Back to the project page

Designing the Data Layer

By Sven Groot

One of the first things we realised is that when you are going to create a program that looks up tunes in a database you are going to need a database. By going with a traditional three-tiered approach we chose to have our data layer (third tier or the back end) interchangable. This is important, because while we don't foresee large amounts of data during our own development and testing, this could theoretically be needed at some point in the future. This approach allows us to write a relatively simple data layer, which doesn't need a database server, ODBC drivers, a DSN, and whatever else, while still allowing such a more scalable solution to be developed at a later date.

The solution we chose for our own "database" is to use XML files. XML files are easy to create, maintain and program against, and I have a large amount of experience in doing so. Our platform of choice would be Microsoft XML Core Services 4.0 (MSXML).

What I then envisioned is this: a system that would allow the user (programmer using the data layer) to access the songs in sequence using the iterator paradigm defined by the C++ Standard Template Library. This is sufficient, because we will always use a forward-only scan through the database, computing the distance between the Parsons Code the user provided and the Parsons Code in the database for each entry.

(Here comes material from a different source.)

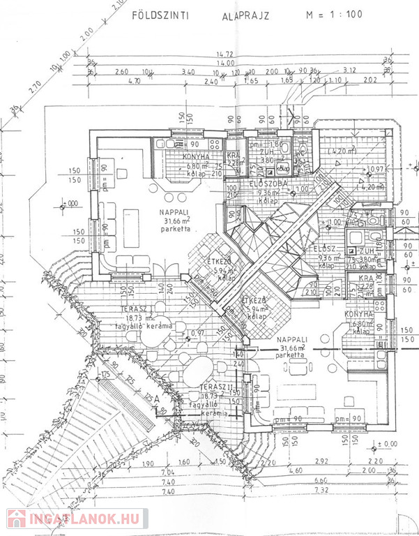 Eladásra kínálok a 18. kerületben, Pestszentimre Erdőskerti részén, a Nagykőrösi útra merőleges, csendes utcájában, családi házas övezetben, 684 nm alapterületű osztatlan közös telken álló, 1995-ben épült 2 szintes, pincézett, amerikai konyhás nappali + 3 félszobás, 175 nm-es, átlagos állapotú, részben felújítandó állapotú, iker beépítésű családi ház egyik felét, pinceszinten közel 40 nm-es, 2 állásos hatalmas garázzsal, műhelyrésszel, plusz tárolókkal, saját használatú rendezett, és szép állapotú, a ház mindkét oldalán húzódó saját kerttel és saját használatú hátsó udvarral, öntözőrendszerrel, külön locsolásra használható, külön mért, kedvező tarifájú vízfogyasztással, 18,7 nm-es saját terasszal.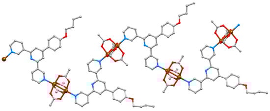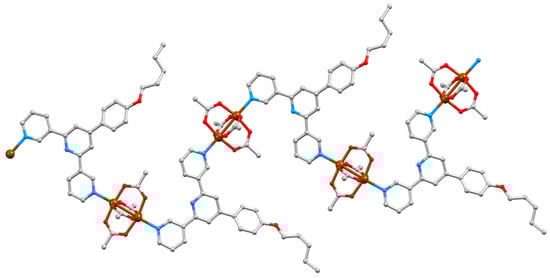 The 1D coordination polymer chains in [2{Cu2(μ-OAc)4(2)}·1.25MeOH]n, [{Cu2(μ-OAc)4(4)}·0.2CHCl3]n and [Cu2(μ-OAc)4(3)]n are displayed in Figure 11, Figure 12 and Figure 13, respectively. In each, the 3,2′:6′,3″-tpy domain exhibits conformation 2 (Scheme 2) in contrast to conformation 1 (Scheme 2) observed in [Cu2(μ-OAc)4(1)]n. However, a comparison of Figure 11, Figure 12 and Figure 13 reveals a further distinction between the coordination modes. In ligand-conformation 2, the outer nitrogen lone pairs point in or out with respect to the cavity defined by the central pyridine ring of the 3,2′:6′,3″-tpy unit (Scheme 6). If we consider the axial coordination sites of the paddle-wheel units in Figure 11 (working left to right across the diagram), we can define a coordination pattern along the chain as out/in for each {Cu2(μ-OAc)4} unit in [2{Cu2(μ-OAc)4(2)}·1.25MeOH]n. Similarly, in Figure 12, the coordination sequence is out/in for each {Cu2(μ-OAc)4} unit in [Cu2(μ-OAc)4(3)]n. However, in Figure 13, the chain in [{Cu2(μ-OAc)4(4)}·0.2CHCl3]n has the sequence out/out for one {Cu2(μ-OAc)4} unit followed by in/in for the next, and so on. The structure of the missing member of this series [{Cu2(μ-OAc)4(5)}·0.5MeOH]n where 5 = 4′-(4-n-hexyloxyphenyl)-3,2′:6′,3″-tpy, has been reported by Zhang and coworkers []. As Figure S16 illustrates (see Supplementary Materials), the polymer chain possesses the same in/in/out/out... arrangement as we observe in the n-heptyloxy analogue [{Cu2(μ-OAc)4(4)}·0.2CHCl3]n. The packing discussion that follows helps to rationalize the dependence of the coordination mode on the length of the alkyloxy tail.

For performance reasons, I wanted to scan through the XML files, reading and parsing elements only when they were requested by the iterator class. This is a highly scalable approach, as it requires no more memory than keeping any single song related data (parsons code, title, etc) in memory. I knew that such functionality was readily available in MSXML. Or so I thought!

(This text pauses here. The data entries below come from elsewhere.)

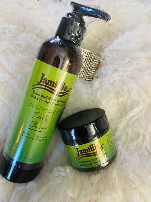 Jamillia's Tone And Glow Moisturizing Cream and Cucumber Daily Cleanser Set.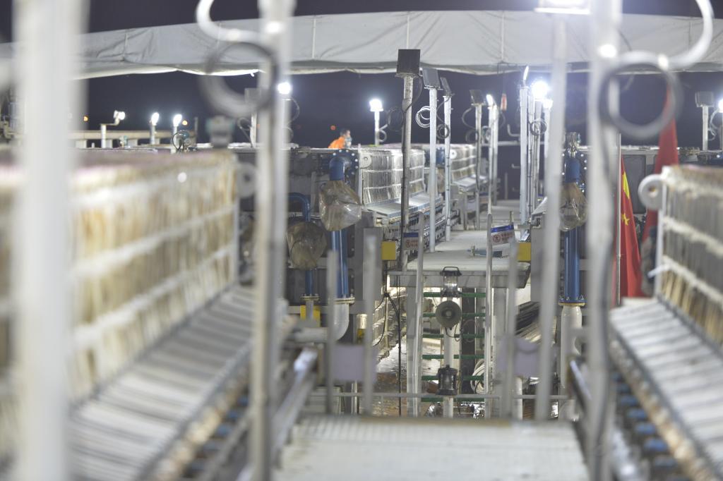 在無錫宜興水域,一座名為“太湖之光”的水上“移動工廠”正24小時運轉。它由多艘作業船串聯而成,管道縱橫、設備密布。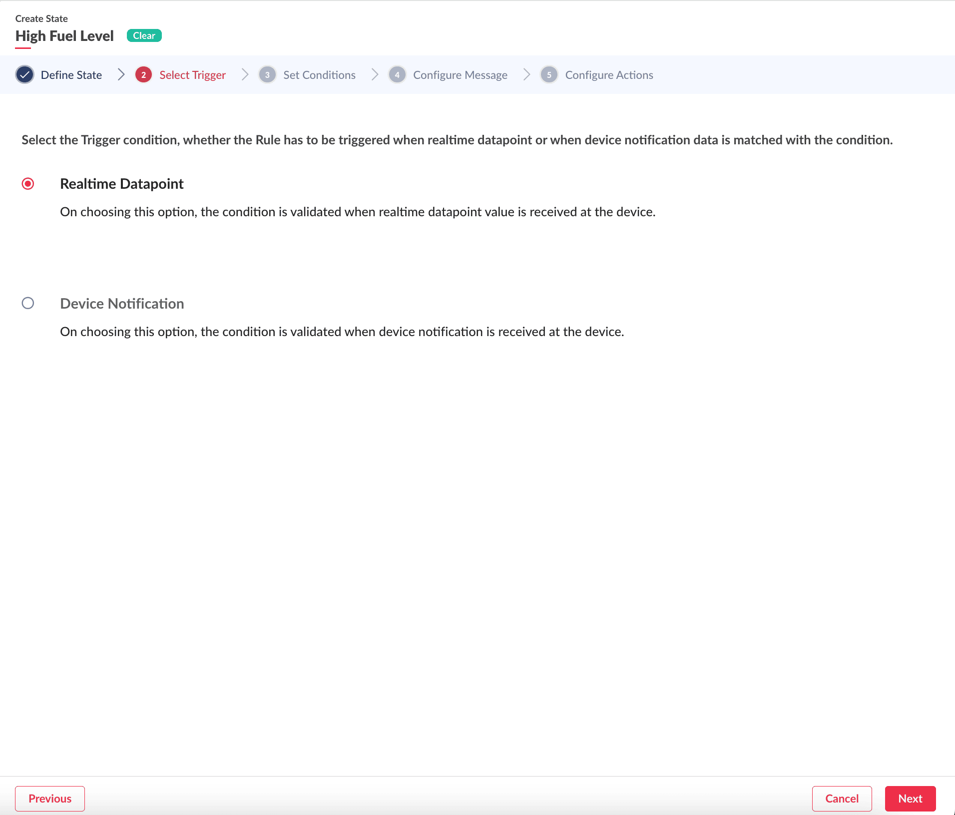 1. Select the rule trigger type whether Realtime Datapoint or Scheduled KPI Datapoint.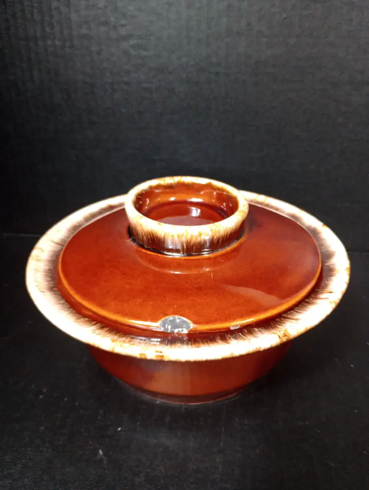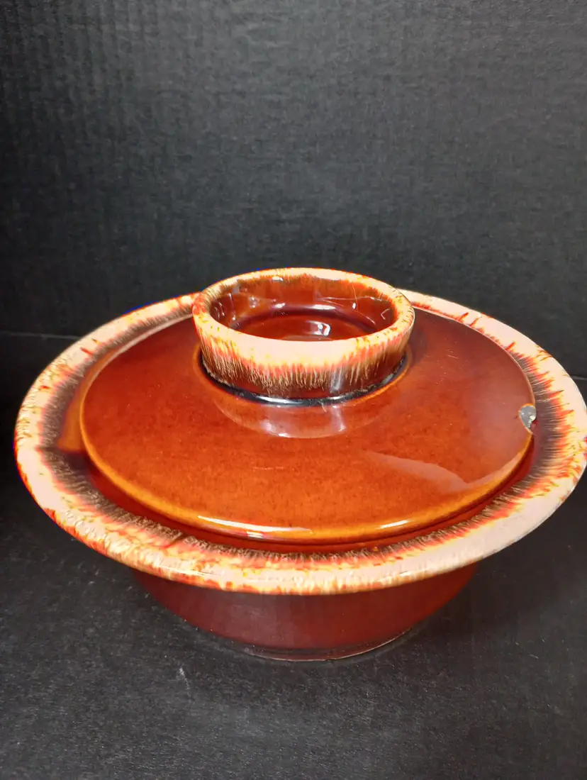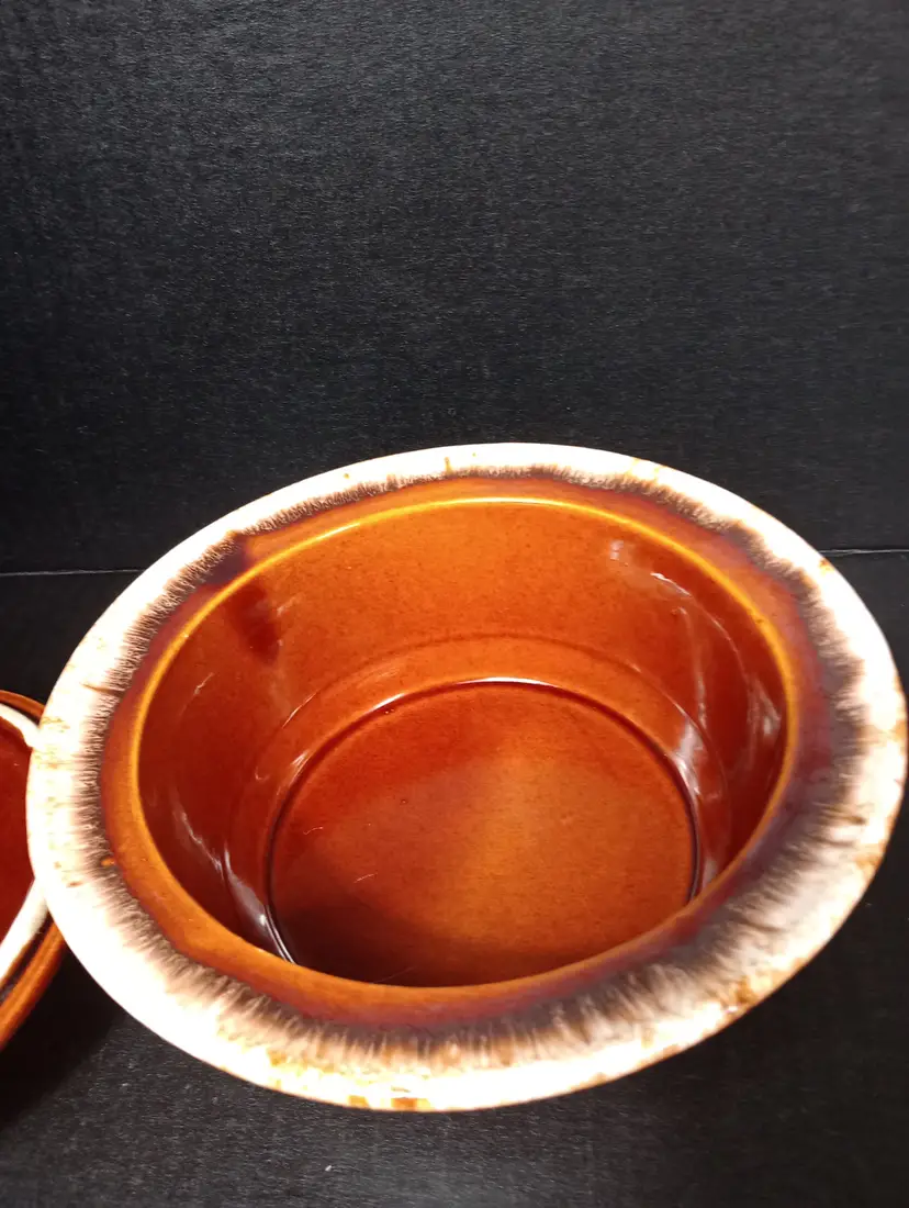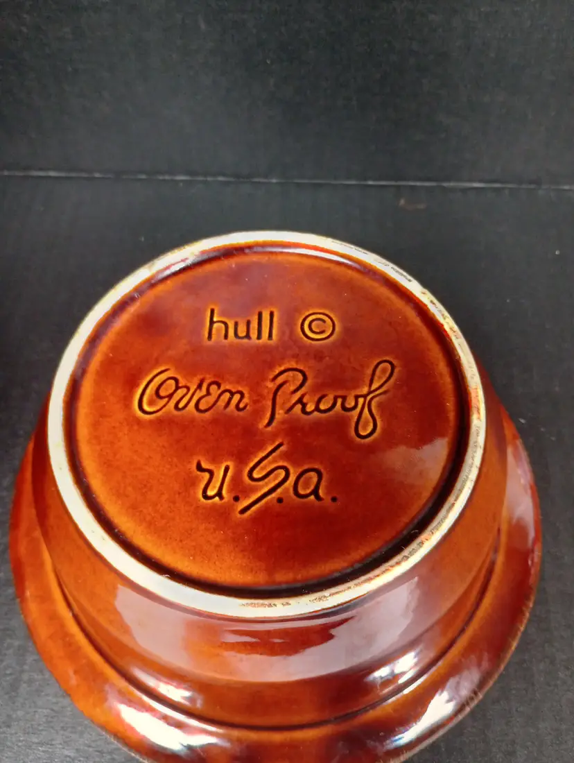 Vintage 1 qt Brown Drip Lidded Hull USA Oven Proof Round Casserole Dish Lid does have a chip but it doesn't affect the integrity of the dish. Please note chip in photos. Pieces are around 40 to 65 years old Review all photos as they are part of the condition and description

As it turns out, I was confusing a few things. What would be needed for my approach is a pull-model reader that parses individual elements based on calls by the user, keeps no context (it doesn't build an internal tree) and doesn't parse ahead in the file. Such a parser exists, and it is even written by Microsoft. But it's implemented in the System.Xml.XmlTextReader class from the Microsoft .Net Framework, not in MSXML!

Which left two alternatives: using a different parser than MSXML, or a pre-load the entire XML file. Because I didn't feel like learning the ins and outs of a new parser, I decided on the latter. Because creating a DOM (Document Object Model) wastes a lot of memory, I decided instead to rely on on SAX (Simple API for XML), specifically the SAX2 implementation provided by MSXML4. SAX defines a push-model (event based) reader that keeps no context. It is in fact quite like what I originally wanted, but because it is a push-model parser it can't wait for external input to continue reading, but has to process the whole document at once.

By handling SAX events, I then fill a std::list with SONG objects. This has the disadvantage that you have to keep all songs in memory, but because far less data is stored than for a DOM, it is still more acceptable than using the XMLDOMDocument class.

Of course, a std::list defines a bidirectional iterator, while my original approach would only have allowed an input iterator. I have specifically chosen not to use this more flexible iterator type myself, because it's not really necessary for our search algorithm, and allows the possibility of adding a different data layer (for instance, one developed using Microsoft .Net using aforementioned XmlReader class) that would need such constraints.